Cryptocurrencies are often criticized for being bad for the planet. Every year, bitcoin mining consumes more energy than Belgium, according to the University of Cambridge’s Bitcoin Electricity Consumption Index. Ethereum’s consumption is usually pegged at roughly a third of Bitcoin’s, even if estimates vary. Although some 39 percent of the energy going into bitcoin mining comes from renewable sources, according to a 2020 Cambridge report, the industry’s carbon footprint is generally regarded as unacceptable. According to a 2019 study, bitcoin mining belches out between 22 and 22.9 million metric tons of CO2 every year.
The problem is that specialized computers powered by eye-popping amounts of electricity are needed to process and verify transactions of cryptocurrencies like bitcoin or Ethereum’s ether on blockchains, via a process called proof-of-work mining. In this system, thousands of computers all over the world (but mostly in the US, China, Kazakhstan, and Russia) vie with each other to solve a mathematical puzzle and earn the privilege of appending a batch of transactions, or “block,” to the ledger. The miner who prevails wins a crypto reward.
Most Bitcoin advocates will tell you that proof-of-work mining is essential to keep the network secure, and would never dream of tampering with something first conceived by the currency’s pseudonymous creator, Satoshi Nakamoto. But Ethereum is on the verge of a monumental change that will substantially reduce its environmental impact.
Ethereum, launched in 2015 by a 21-year-old whiz kid named Vitalik Buterin, is about to swap proof-of-work mining for an alternative system known as proof of stake, which does not require energy-guzzling computers.
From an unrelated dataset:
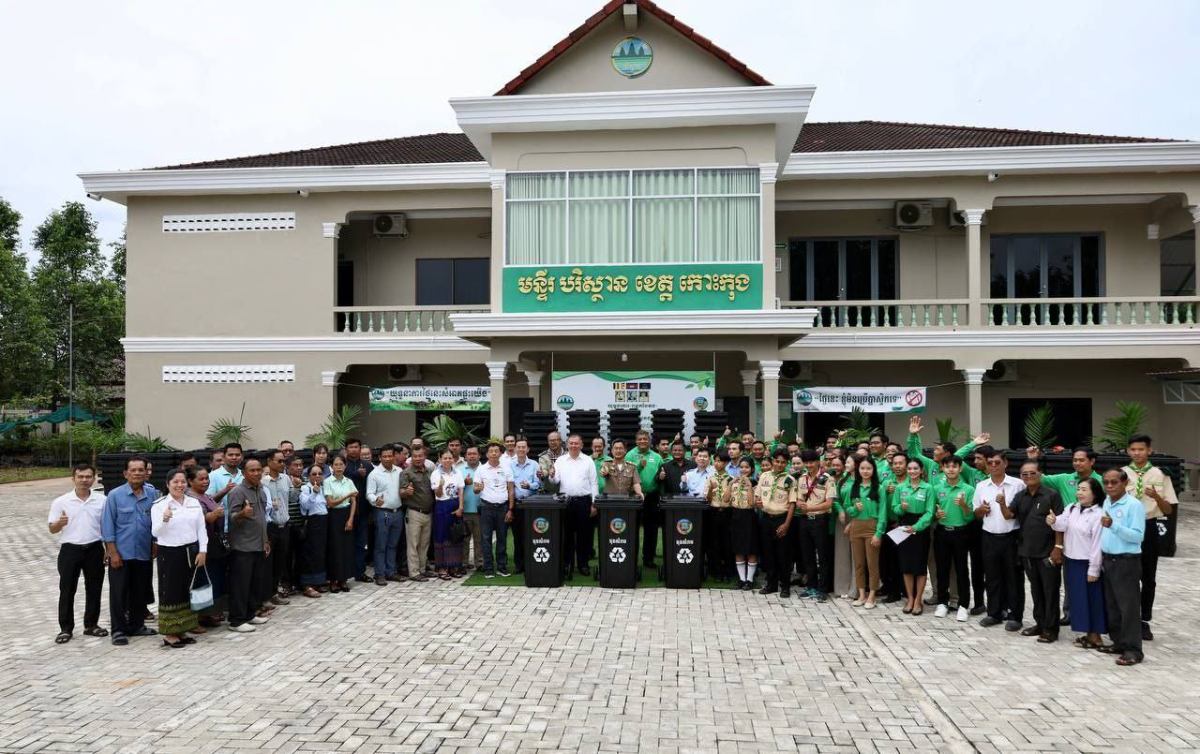 នាព្រឹកថ្ងៃទី៧ ខែវិច្ឆិកា ឆ្នាំ២០២៥ ឯកឧត្តម សាបូ អូហ្សាណូ រដ្ឋលេខាធិការក្រសួងបរិស្ថាន និងជាតំណាងឯកឧត្តមបណ្ឌិត អ៊ាង សុផល្លែត រដ្ឋមន្រ្តីក្រសួងបរិស្ថាន បានអញ្ជើញចូលរួមជាអធិបតី និងបានប្រគល់ធុងសំរាមជូនដល់មូលដ្ឋានសុខាភិបាល សាលារៀន និងវត្តអារាមនៅទូទាំងខេត្តកោះកុង ចំនួន ៩៣៩ធុង ដោយមានការចូលរួមពីថ្នាក់ដឹកនាំនិងមន្រ្តីរាជការក្រសួងបរិស្ថាន តំណាងរដ្ឋបាលខេត្ត មន្ទីរបរិស្ថាន មន្ទីរអប់រំ យុវជន និងកីឡា មន្ទីរធម្មការនិងសាសនា តំណាងរដ្ឋបាលក្រុង-ស្រុក សហភាពសហព័ន្ធយុវជនកម្ពុជាខេត្ត យុវជនសាខាកាកបាទក្រហម យុវជនកាយរឹទ្ធិ និងសិស្សានុសិស្សជាច្រើននាក់នៅខេត្តកោះកុង។
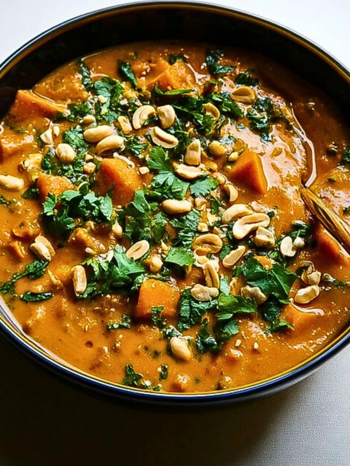 A bold, comforting West African dish, African Peanut Soup blends creamy peanut butter, hearty sweet potatoes, aromatic spices, and leafy greens into a warm, nourishing bowl. This one-pot wonder is perfect for cozy dinners and makes excellent leftovers.

The Ethereum Foundation, a research nonprofit that spearheads updates and ameliorations to the Ethereum blockchain, says the shift will reduce the network’s energy consumption by 99.5 percent. The big switcheroo is known as the Merge—and it is slated to take place on September 14.
What Is the Merge?
The Merge hinges on the fusion of Ethereum’s current proof-of-work blockchain with the Beacon Chain, a proof-of-stake blockchain that was launched in December 2020 but so far has not processed any transactions.
A couple of upgrades, scheduled to launch over the next few weeks, will lay the groundwork for a segue from one chain to the other. Justin Drake, a researcher at the Ethereum Foundation, says the way the process has been structured can be compared to a car switching from an internal combustion engine to an electric one. “How do we do that? Step one: We install an electric engine in parallel to the gasoline engine. And then—step two—we connect the wheels to the electric engine and turn off the gasoline engine. That’s exactly what’s going to be happening at the Merge,” Drake says. “We’ve had this parallel engine of the Beacon Chain for a year and a half—and now the old ‘gasoline’ proof-of-work engine is going to be shut off.”
After years of delays, the Ethereum community is positive that the long-awaited shift will finally happen, following a successful dry run carried out on a test blockchain, called the Goerli chain, on August 10. The fact that Buterin has a book titled Proof of Stake coming out in September is probably a coincidence.
How Will Ethereum’s Proof of Stake Work?
Talking about proof of stake is a bit like talking about French cheese: There are myriad varieties—with hundreds of cryptocurrencies claiming to use some version of the process. At its most basic, however, proof of stake is predicated on the idea of securing a network through incentives rather than hardware.
In this scenario, you don’t need an expensive mining computer to partake in the network: You can use your laptop to put down a “stake”—a certain amount of cryptocurrency locked in the network. That gives you the chance of being selected, usually via a random process, to validate a certain block and earn crypto rewards and fees. If you try to game the system, for instance by doctoring a block, the network will punish you and destroy, or “slash,” some or all of your stake.